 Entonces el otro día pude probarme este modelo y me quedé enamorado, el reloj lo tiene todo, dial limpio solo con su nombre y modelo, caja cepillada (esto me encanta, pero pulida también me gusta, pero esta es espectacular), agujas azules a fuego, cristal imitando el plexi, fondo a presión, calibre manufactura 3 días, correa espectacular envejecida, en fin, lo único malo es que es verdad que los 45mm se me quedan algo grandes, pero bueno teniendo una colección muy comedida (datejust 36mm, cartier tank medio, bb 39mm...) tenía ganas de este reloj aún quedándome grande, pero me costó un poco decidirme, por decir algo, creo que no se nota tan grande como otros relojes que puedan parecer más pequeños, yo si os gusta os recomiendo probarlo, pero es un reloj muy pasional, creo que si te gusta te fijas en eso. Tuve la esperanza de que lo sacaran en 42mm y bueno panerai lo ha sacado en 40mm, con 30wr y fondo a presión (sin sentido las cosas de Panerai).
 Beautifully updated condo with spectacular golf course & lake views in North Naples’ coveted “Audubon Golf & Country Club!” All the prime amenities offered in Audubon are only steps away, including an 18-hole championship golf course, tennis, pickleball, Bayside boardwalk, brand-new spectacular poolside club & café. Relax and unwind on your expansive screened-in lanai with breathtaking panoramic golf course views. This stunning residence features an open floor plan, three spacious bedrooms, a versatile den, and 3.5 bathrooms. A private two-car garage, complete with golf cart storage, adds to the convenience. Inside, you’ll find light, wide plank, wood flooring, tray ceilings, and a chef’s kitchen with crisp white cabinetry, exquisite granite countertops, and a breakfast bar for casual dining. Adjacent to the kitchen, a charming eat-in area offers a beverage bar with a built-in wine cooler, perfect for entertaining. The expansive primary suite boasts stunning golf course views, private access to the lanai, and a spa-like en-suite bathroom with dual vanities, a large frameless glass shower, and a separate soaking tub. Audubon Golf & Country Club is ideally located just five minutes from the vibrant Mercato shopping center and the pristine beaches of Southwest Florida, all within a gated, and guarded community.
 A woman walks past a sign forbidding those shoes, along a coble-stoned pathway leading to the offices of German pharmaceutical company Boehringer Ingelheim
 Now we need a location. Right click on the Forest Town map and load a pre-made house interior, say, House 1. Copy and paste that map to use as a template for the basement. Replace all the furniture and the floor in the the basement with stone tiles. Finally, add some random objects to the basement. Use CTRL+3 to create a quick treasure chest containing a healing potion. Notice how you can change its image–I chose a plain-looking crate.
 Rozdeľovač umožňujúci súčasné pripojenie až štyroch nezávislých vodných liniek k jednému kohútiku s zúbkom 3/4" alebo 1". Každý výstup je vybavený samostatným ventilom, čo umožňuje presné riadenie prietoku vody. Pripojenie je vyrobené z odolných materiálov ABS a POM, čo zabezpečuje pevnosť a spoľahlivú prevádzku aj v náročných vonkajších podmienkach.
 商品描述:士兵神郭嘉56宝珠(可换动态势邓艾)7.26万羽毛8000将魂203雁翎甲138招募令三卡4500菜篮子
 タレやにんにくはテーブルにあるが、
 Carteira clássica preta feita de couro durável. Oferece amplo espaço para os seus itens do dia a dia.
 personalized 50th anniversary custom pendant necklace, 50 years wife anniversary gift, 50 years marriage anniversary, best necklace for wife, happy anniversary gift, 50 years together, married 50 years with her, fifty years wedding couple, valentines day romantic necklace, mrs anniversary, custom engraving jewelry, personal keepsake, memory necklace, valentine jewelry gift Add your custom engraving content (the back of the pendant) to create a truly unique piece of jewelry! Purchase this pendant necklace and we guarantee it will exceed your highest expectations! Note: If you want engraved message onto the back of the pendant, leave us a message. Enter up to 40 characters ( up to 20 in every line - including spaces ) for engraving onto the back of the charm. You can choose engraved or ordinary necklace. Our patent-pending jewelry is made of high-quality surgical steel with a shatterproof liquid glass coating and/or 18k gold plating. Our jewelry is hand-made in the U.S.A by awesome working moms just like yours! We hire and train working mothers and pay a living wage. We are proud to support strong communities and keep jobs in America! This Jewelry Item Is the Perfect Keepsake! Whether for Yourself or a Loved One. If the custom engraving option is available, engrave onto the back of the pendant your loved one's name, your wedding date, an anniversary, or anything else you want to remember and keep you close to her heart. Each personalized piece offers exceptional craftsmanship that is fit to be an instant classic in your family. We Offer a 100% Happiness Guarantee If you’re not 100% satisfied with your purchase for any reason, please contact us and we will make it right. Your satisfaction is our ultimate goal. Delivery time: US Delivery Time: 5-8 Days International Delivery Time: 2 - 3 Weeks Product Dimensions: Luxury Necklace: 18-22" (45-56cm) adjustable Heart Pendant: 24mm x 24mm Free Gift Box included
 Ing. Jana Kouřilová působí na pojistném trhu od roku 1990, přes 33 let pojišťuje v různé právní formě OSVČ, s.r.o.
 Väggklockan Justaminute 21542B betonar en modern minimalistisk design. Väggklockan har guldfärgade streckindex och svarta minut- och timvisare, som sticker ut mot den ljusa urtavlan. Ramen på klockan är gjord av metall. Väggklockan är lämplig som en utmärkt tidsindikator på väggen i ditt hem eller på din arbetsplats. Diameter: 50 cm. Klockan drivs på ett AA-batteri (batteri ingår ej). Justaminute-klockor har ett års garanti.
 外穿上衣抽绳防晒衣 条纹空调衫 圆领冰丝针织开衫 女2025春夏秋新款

◇ ◇ ◇ ◇ ◇

TASK ITEM: Extract each record, keeping it identical to the original.

RESULT:
 Entonces el otro día pude probarme este modelo y me quedé enamorado, el reloj lo tiene todo, dial limpio solo con su nombre y modelo, caja cepillada (esto me encanta, pero pulida también me gusta, pero esta es espectacular), agujas azules a fuego, cristal imitando el plexi, fondo a presión, calibre manufactura 3 días, correa espectacular envejecida, en fin, lo único malo es que es verdad que los 45mm se me quedan algo grandes, pero bueno teniendo una colección muy comedida (datejust 36mm, cartier tank medio, bb 39mm...) tenía ganas de este reloj aún quedándome grande, pero me costó un poco decidirme, por decir algo, creo que no se nota tan grande como otros relojes que puedan parecer más pequeños, yo si os gusta os recomiendo probarlo, pero es un reloj muy pasional, creo que si te gusta te fijas en eso. Tuve la esperanza de que lo sacaran en 42mm y bueno panerai lo ha sacado en 40mm, con 30wr y fondo a presión (sin sentido las cosas de Panerai).
 Beautifully updated condo with spectacular golf course & lake views in North Naples’ coveted “Audubon Golf & Country Club!” All the prime amenities offered in Audubon are only steps away, including an 18-hole championship golf course, tennis, pickleball, Bayside boardwalk, brand-new spectacular poolside club & café. Relax and unwind on your expansive screened-in lanai with breathtaking panoramic golf course views. This stunning residence features an open floor plan, three spacious bedrooms, a versatile den, and 3.5 bathrooms. A private two-car garage, complete with golf cart storage, adds to the convenience. Inside, you’ll find light, wide plank, wood flooring, tray ceilings, and a chef’s kitchen with crisp white cabinetry, exquisite granite countertops, and a breakfast bar for casual dining. Adjacent to the kitchen, a charming eat-in area offers a beverage bar with a built-in wine cooler, perfect for entertaining. The expansive primary suite boasts stunning golf course views, private access to the lanai, and a spa-like en-suite bathroom with dual vanities, a large frameless glass shower, and a separate soaking tub. Audubon Golf & Country Club is ideally located just five minutes from the vibrant Mercato shopping center and the pristine beaches of Southwest Florida, all within a gated, and guarded community.
 A woman walks past a sign forbidding those shoes, along a coble-stoned pathway leading to the offices of German pharmaceutical company Boehringer Ingelheim
 Now we need a location. Right click on the Forest Town map and load a pre-made house interior, say, House 1. Copy and paste that map to use as a template for the basement. Replace all the furniture and the floor in the the basement with stone tiles. Finally, add some random objects to the basement. Use CTRL+3 to create a quick treasure chest containing a healing potion. Notice how you can change its image–I chose a plain-looking crate.
 Rozdeľovač umožňujúci súčasné pripojenie až štyroch nezávislých vodných liniek k jednému kohútiku s zúbkom 3/4" alebo 1". Každý výstup je vybavený samostatným ventilom, čo umožňuje presné riadenie prietoku vody. Pripojenie je vyrobené z odolných materiálov ABS a POM, čo zabezpečuje pevnosť a spoľahlivú prevádzku aj v náročných vonkajších podmienkach.
 商品描述:士兵神郭嘉56宝珠(可换动态势邓艾)7.26万羽毛8000将魂203雁翎甲138招募令三卡4500菜篮子
 タレやにんにくはテーブルにあるが、
 Carteira clássica preta feita de couro durável. Oferece amplo espaço para os seus itens do dia a dia.
 personalized 50th anniversary custom pendant necklace, 50 years wife anniversary gift, 50 years marriage anniversary, best necklace for wife, happy anniversary gift, 50 years together, married 50 years with her, fifty years wedding couple, valentines day romantic necklace, mrs anniversary, custom engraving jewelry, personal keepsake, memory necklace, valentine jewelry gift Add your custom engraving content (the back of the pendant) to create a truly unique piece of jewelry! Purchase this pendant necklace and we guarantee it will exceed your highest expectations! Note: If you want engraved message onto the back of the pendant, leave us a message. Enter up to 40 characters ( up to 20 in every line - including spaces ) for engraving onto the back of the charm. You can choose engraved or ordinary necklace. Our patent-pending jewelry is made of high-quality surgical steel with a shatterproof liquid glass coating and/or 18k gold plating. Our jewelry is hand-made in the U.S.A by awesome working moms just like yours! We hire and train working mothers and pay a living wage. We are proud to support strong communities and keep jobs in America! This Jewelry Item Is the Perfect Keepsake! Whether for Yourself or a Loved One. If the custom engraving option is available, engrave onto the back of the pendant your loved one's name, your wedding date, an anniversary, or anything else you want to remember and keep you close to her heart. Each personalized piece offers exceptional craftsmanship that is fit to be an instant classic in your family. We Offer a 100% Happiness Guarantee If you’re not 100% satisfied with your purchase for any reason, please contact us and we will make it right. Your satisfaction is our ultimate goal. Delivery time: US Delivery Time: 5-8 Days International Delivery Time: 2 - 3 Weeks Product Dimensions: Luxury Necklace: 18-22" (45-56cm) adjustable Heart Pendant: 24mm x 24mm Free Gift Box included
 Ing. Jana Kouřilová působí na pojistném trhu od roku 1990, přes 33 let pojišťuje v různé právní formě OSVČ, s.r.o.
 Väggklockan Justaminute 21542B betonar en modern minimalistisk design. Väggklockan har guldfärgade streckindex och svarta minut- och timvisare, som sticker ut mot den ljusa urtavlan. Ramen på klockan är gjord av metall. Väggklockan är lämplig som en utmärkt tidsindikator på väggen i ditt hem eller på din arbetsplats. Diameter: 50 cm. Klockan drivs på ett AA-batteri (batteri ingår ej). Justaminute-klockor har ett års garanti.
 外穿上衣抽绳防晒衣 条纹空调衫 圆领冰丝针织开衫 女2025春夏秋新款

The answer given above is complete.